Hey Deep-in-thought Lady, I'd LOVE to dialogue w/ you re: what you're reading/hearing & being directed by Father to change. (And didn't want to hi-jack your blog) :) :@

Anonymous said...

April, please, when your tooth isn't aching and you're able to think clearly (I never can with a tooth ache!) do some research on protein while pregnant, PLEASE? This may not be the time to decrease your protein by leaps and bounds. I'll be praying that you'll know what is needful for you and your family! ~d :@

Anonymous said...

while many are pondering your situation and offering good care-giving commentary, i say just do what seems right and stop trying to be super mom, wife, chef, pastor, friend, and steward. it will most likely even out if you are responsible with food, menu, and money.
ps: if you are going natural on the toothpaste, i recommend "Tom's Natural Toothpaste, from Maine." Good stuff. -vicar jes.

April said...

Thanks, friends, for your input and votes of confidence.
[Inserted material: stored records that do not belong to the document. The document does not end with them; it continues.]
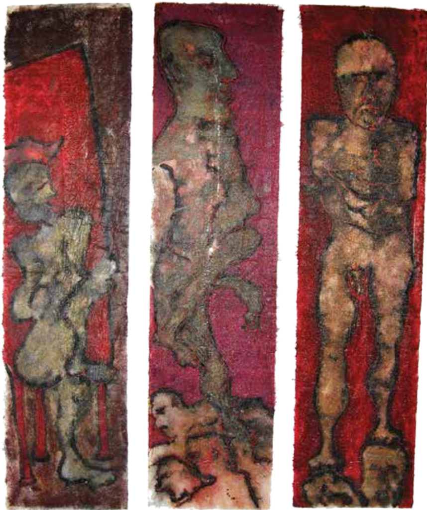
Sans titre , 2014, résine sur fibre de verre, 62 x 240 cm, 3 pièces
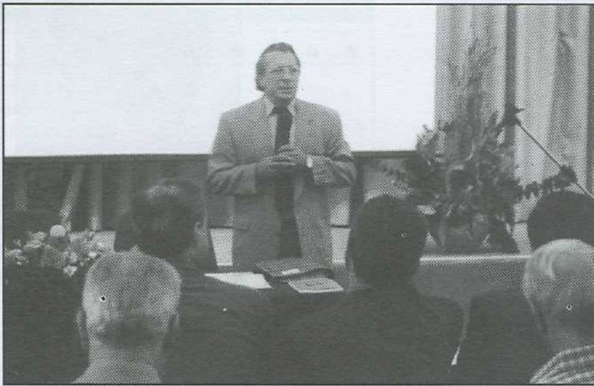
Πανελλήνιο Πανομογενειακό Συνέδριο: «Ελληνόγλωσση εκπαίδευση στο εξωτερικό», Ρέθυμνο 26-28 Ιουνίου 1998

την ίδρυση του μέχρι σήμερα μια σειρά από εκπαιδευτικά ευρωπαϊκά προγράμματα (π.χ. Comenius), καθώς και δύο μεγάλα ερευνητικά και συγχρόνως επιμορφωτικά προγράμματα, από τα οποία το ένα αναφερόταν στην ελληνόγλωσση εκπαίδευση και στην επιμόρφωση των Ελλήνων εκπαιδευτικών στο Βέλγιο και στη Γαλλία. Το δεύτερο ήταν πανελλαδικό και απευθυνόταν κυρίως στους εκπαιδευτικούς της πρωτοβάθμιας εκπαίδευσης που δίδασκαν παλιννοστούντες και αλλοδαπούς μαθητές.
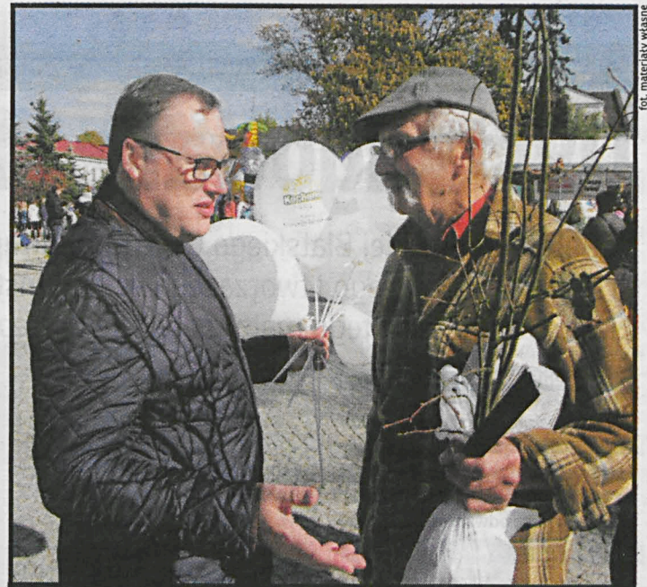
Sen. Grzegorz Bierecki: wyborcy oceniają mnie przez pryzmat efektów pracy, a nie medialnych insynuacji

I should note, Dawn, that I'm not really thinking about decreasing protein in our lives, especially not right now. That's one of those suggestions made by the books that are a little more extreme than we can do right now. We are, however, going to be decreasing animal protein a bit. We eat FAR too much meat -- sometimes for literally every meal in a day.
As a gestational diabetic, protein is THE nutrient of substenance right now, so, no -- no big protein dips for at least the pregnancy/nursing months.
I'd love to talk to you more, though. Feel free to email anytime -- mcstew at insightbb dot com.

Leigh Ann said...

This is a great thought provoking post. I need to get that book. The part about spending lots of money on good things (like the oils, etc.) really speaks to me. Sometimes I feel guilty because I don't spend all that money for the same reasons that you mentioned. Feel like a bad mom or something. But I have to remember just because something is good, doesn't mean it's the best for me.